Joane credited her father with setting her on the path to her artistic achievement: “Having a father who was a builder and innovator, I was exposed to a broad range of materials and media. I had seen blueprints and plans and sketches probably before I was four years old. Like most children, I was imitative so I used to construct things, draw anywhere I could and also sewed, designing clothes and making my own patterns from an early age. Of course I was born in an age when people still made things . . . it was normal.”

Joane said she “fell into being a curator through interest, volunteerism and due to organizing skills from past experience in organizing events.”

Since 1988, Joane had volunteered with the Calgary Aboriginal Arts Society (CAAS). In the course of serving CAAS committees and board, including a term as president, she said, “I’ve been able to help other artists by organizing annual exhibitions including their work. In 2001we created the F’N (First Nations) Gallery, which allows us to hang small exhibitions year ‘round of both individual and group work.

“A few years ago we began to explore theatre, so I have gained a lot of experience in that area helping with several theatre productions.”

Joane worked on the first video (Self Government – Talk about it) that was to become the Aboriginal Program at the Banff Centre and was one of the charter group who participated in the planning of the Aboriginal Program.

As for her writing, Joane said it was something she had been interested in since childhood. “I was an avid reader – about four books a night sometimes. I love writing – and particularly poetry. I wrote for years not worrying about being published. Then the University of Lethbridge’s Whetstone Press called me to use an image on their Aboriginal issue, and I told them I was a closet poet. They asked me to send them some examples and they ended up publishing four or five poems. This happened in 1983 or sio, and it seemed after seeing my work in print I took it more seriously.”

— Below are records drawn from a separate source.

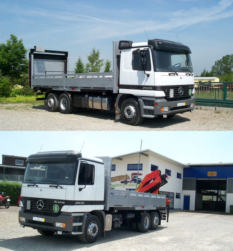 Wechselbrückenaufbau mit BDF System. Zwei Brücken - ein LKW. Eine Brücke mit Palfinger Ladekran, eine Brücke mit Ladebordwand.
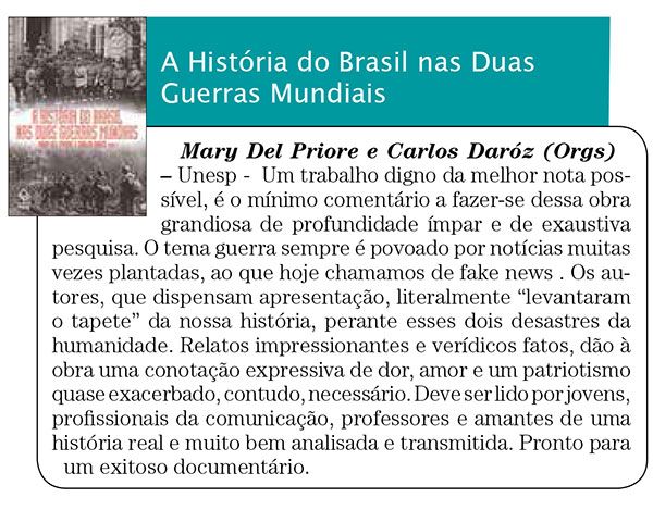 O jornal Empresas e Negócios recomendou a leitura do lançamento da Editora Unesp A história do Brasil nas duas guerras mundiais, organizado Mary Del Priore e Carlos Daróz. A obra permite ao leitor ultrapassar as linhas gerais em que são descritas as participações brasileiras nos dois grandes conflitos mundiais e observar de posição privilegiada o que ocorria na trincheira, no navio, na caserna.
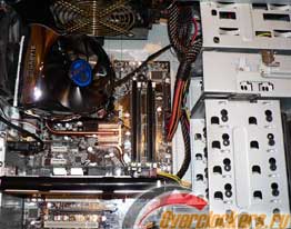 Тем не менее, такая ориентация кулера, на мой взгляд, вполне благоприятна как для отвода нагретого воздуха из корпуса системного блока, так и для охлаждения радиатора на силовых элементах схемы питания материнской платы.
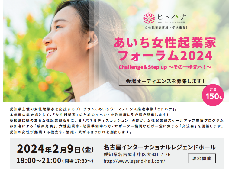 女性起業家育成・促進事業「ヒトハナ」「あいち女性起業家フォーラム2024」を2/9(金)に開催。参加者募集。
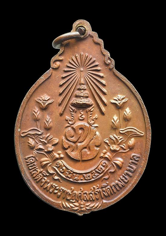 เหรียญที่จัดสร้างครั้งนี้ ได้ขอพระราชทานพระบรมราชาอนุญาตอัญเชิญพระปรมาภิไธยย่อ ภปร ไว้ประดิษฐานที่ด้านหลังเหรียญ ทั้งนี้ก็เพื่อเป็นการแสดงความจงรักภักดีตองค์พระบาทสมเด็จพระเจ้าอยู่หัว และเพื่อชักชวนประชาชนทั่วไปทุกหมู่คณะให้ได้บริจาคทรัพย์ โดยเสด็จพระราชกุศลในกิจการที่เป็นสาธารณกุศล โดยได้รับพระบรมราชาอนุญาต เมื่อวันที่ 14 เมษายน |
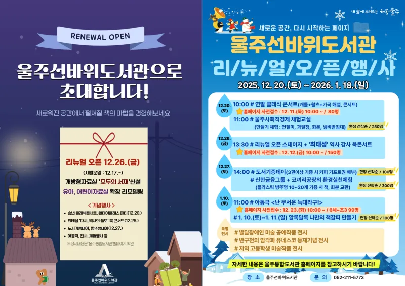 더욱 새로워진 울주선바위도서관 리뉴얼 오픈 행사 놀러오세요!

Joane believed that making issues known that need addressing was important. “I suppose I have advocated to have Aboriginal art exhibited in galleries and museums as a lot of artists have done. I just joined in and contributed what I could from my point of view. I suppose one of the more important issues I was involved in was saving the Alberta Aboriginal Art Collection from being sold off piece by piece. That involved telephoning a lot of collectors to not bid on the work. Fortunately, it was saved almost in its entirety.”

Typically, one of her last challenges—earlier this year—was to travel the province on behalf of the Alberta Foundation for the Arts to meet with Aboriginal artists and identify art work from the various stages of their careers not represented in the foundation’s collection, and to recommend purchases. Not only did Aboriginal artists directly benefit from her efforts, but those artists and their work will now be available to this and future generations.

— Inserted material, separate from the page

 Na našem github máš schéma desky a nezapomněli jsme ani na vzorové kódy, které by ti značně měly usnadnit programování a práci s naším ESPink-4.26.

She said her life and career was about “the joy of discovery, curiousity, the journey, the people met, experiences, learning, just being within the creative process.”

To the end, she said “there is still a lot to be done, mainly in figuring out how to continue to share my work in more innovative ways. Basically my career is, I think, to just keep working and everything will follow along.”

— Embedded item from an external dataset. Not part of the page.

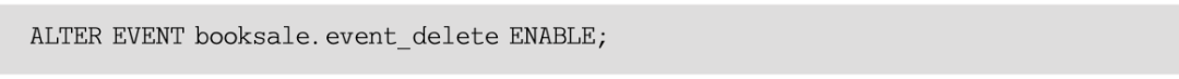 【例9-32】启用图书销售数据库booksale中名为event_delete的事件。

Joane is survived by her husband, Eckehart “Mike” Schubert and sons Christopher and Justin Schubert; siblings Douglas (Adoia) Cardinal of Ottawa, Ronald (Lori) Cardinal of Vancouver, Kenneth (Cathy) Cardinal of Perth, Australia, Robert (Carla Kalke) of Vancouver, Carol King (Mike King) of Sherwood Park, AB, Brian (Judy) Cardinal of Edmonton, and numerous nieces and nephews.

She was predeceased by her parents, Joseph and Francis Cardinal, and her brother David, who is survived by his wife Jenny in Auckland, New Zealand.